Title: CVSS Corpus and Massively Multilingual Speech-to-Speech Translation
Authors: Ye Jia, Michelle Tadmor Ramanovich, Quan Wang, Heiga Zen
Published: 11th January 2022 (Tuesday) @ 00:27:08
Link: http://arxiv.org/abs/2201.03713v3
Abstract
We introduce CVSS, a massively multilingual-to-English speech-to-speech translation (S2ST) corpus, covering sentence-level parallel S2ST pairs from 21 languages into English. CVSS is derived from the Common Voice speech corpus and the CoVoST 2 speech-to-text translation (ST) corpus, by synthesizing the translation text from CoVoST 2 into speech using state-of-the-art TTS systems. Two versions of translation speeches are provided: 1) CVSS-C: All the translation speeches are in a single high-quality canonical voice; 2) CVSS-T: The translation speeches are in voices transferred from the corresponding source speeches. In addition, CVSS provides normalized translation text which matches the pronunciation in the translation speech. On each version of CVSS, we built baseline multilingual direct S2ST models and cascade S2ST models, verifying the effectiveness of the corpus.
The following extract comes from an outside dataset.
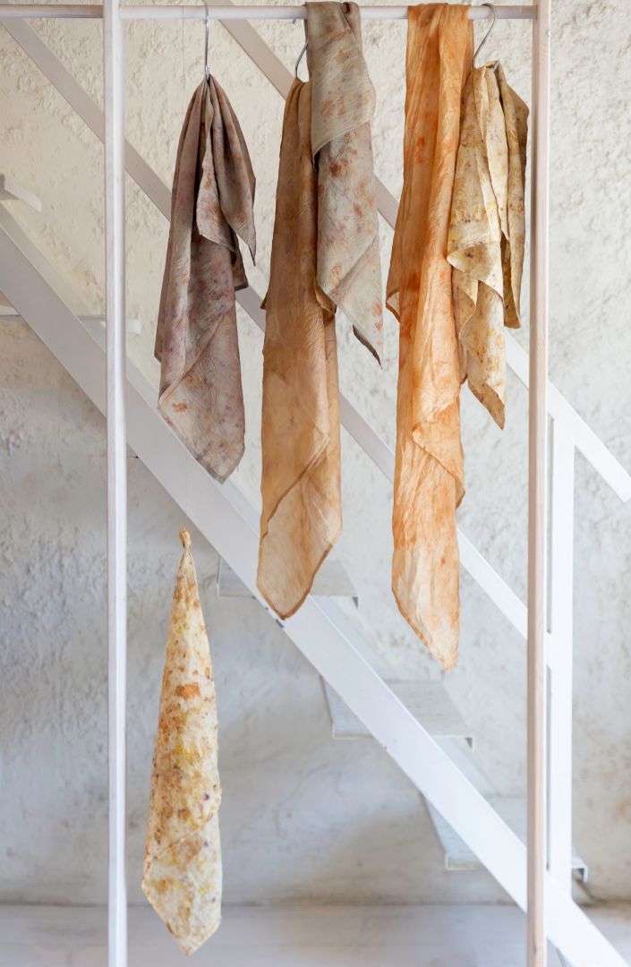 Naturally I have been gravitating to natural fibers and materials since finishing my studies as a student in textile design. I have been known to my family as the “Natural Fiber Expert”, approving every bought textile making sure it is made up of 100% natural fibers. While being a florist in New York City + Amsterdam this has led me to exploring natural dyeing with flowers on natural fabrics. Developing handmade products using this technique and expressing it in my way to beautify spaces. My sensitivity to my surroundings sets me apart – not only it being what I wear yet what I see, smell, taste and touch and extending this through my way of expression through materials in design and my art.

To build strong cascade S2ST baselines, we trained an ST model on CoVoST 2, which outperforms the previous state-of-the-art trained on the corpus without extra data by 5.8 BLEU. Nevertheless, the performance of the direct S2ST models approaches the strong cascade baselines when trained from scratch, and with only 0.1 or 0.7 BLEU difference on ASR transcribed translation when initialized from matching ST models.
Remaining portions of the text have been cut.